なんとテクニック8414の箱が無惨にもつぶれているではないか! しかも中身が出るほどに。
もう一つは.....?

 

おまえもかぁ〜! 

 

.....................。

 

でも、そんなに落ち込んではいられない。
配達の人にも確認してもらい、聞いたところ「私では解らないので、配送係の方へ電話してください」と連絡先が書いてあるメモをくれた。

取りあえず荷物は置いておくので判子をください、とのこと。
こんな破損した荷物を受け取って判子を押してしまって保険とか効かなかったりしないのか?
と、不安にもなったが、配送係へは私からも連絡入れときますと言ってたので大丈夫だろうと判を押した。

早速、郵便局へ電話したところ「すぐに荷物を引き取りに行きます」とのこと。

その間に届いたLEGOをチェック!
一番外側に入ってた8414を出してみる。

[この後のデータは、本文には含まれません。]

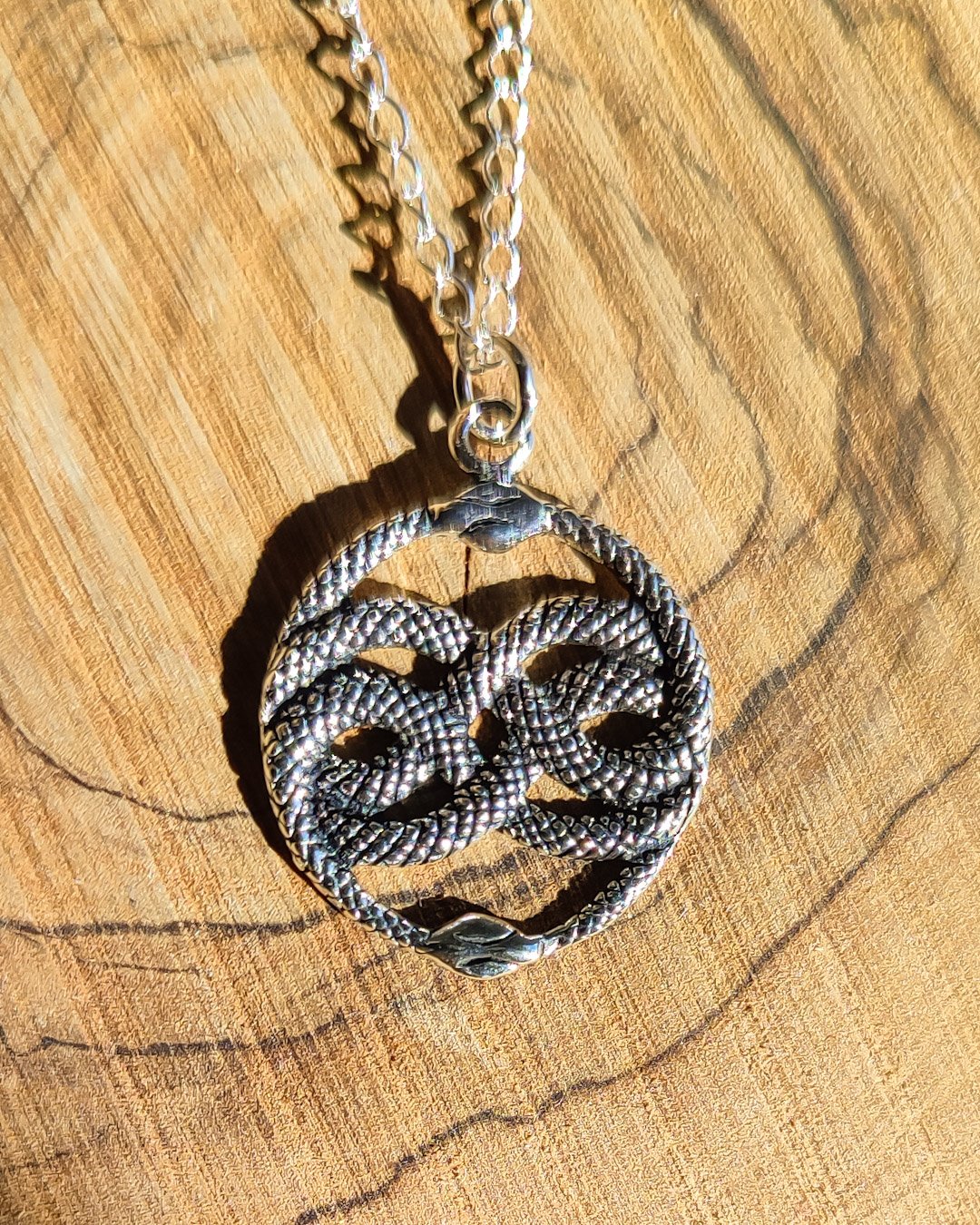 Collar de Plata de ley compuesto por un colgante Wuivre celta: un símbolo celta que representa dos serpientes entrelazadas dentro de un círculo, simbolizando la fuerza y el poder de la Tierra, la unión y el amor, a menudo asociado con amuletos de protección, y popularizado por la película La Historia Interminable como el talismán Auryn que otorga poder y protección a su portador. Con cadena de plata italiana de 45cm.

箱がつぶれて中身が見えてるじゃないかぁ。

試しにその箱を開けてみると....。

おお! さすがLEGO、ブロック自体は壊れていなく、変形もしてないようだ。

じゃー次は....と出そうとしたとき、さっきの配達員が取りに来て大きな段ボールごと引き取られて行ってしまった。
結局我が家にLEGOは5分しかいなかったことになる....。

しまった!こんなことなら一緒に送ってもらったカタログだけでも取っておけばよかった....などと後悔してももう遅い。
LEGOはもう手の届かないところへ行ってしまった...。

 

しばらくして郵便局の担当の人から電話がきた。

「箱だけの破損で、中身には問題なさそうなので保険が降りるか解らない」との回答。

「なにぃ〜、そんなぁ」

と思いながらも、郵便局の人がとてもすまなそうに言っていたので、その場はとりあえずそうですかと答えておいた。

 

関係ないが最近、郵便局員の客への対応がとてもよくなった気がする。
郵便振り込みの時もそうだがとても親切に対応してくれるのだ。
ま〜、客商売には違いないのだからそこら辺の改善キャンペーンとかしているのだろうか?

このあとこの郵便課の方と長いつきあいになるのだが一貫して対応がよかった。

 

う〜ん、どうしよう。取りあえずキンダーのひろこさんへメールだ。
因みに箱がつぶれていたのは輸送中の事故が原因なのでキンダーリーベには責任はない(郵便局の責任になる)。
こんな時、怒りのメールや不幸のメールなどを送り付けてはいけない。あくまで紳士的に対応しよう。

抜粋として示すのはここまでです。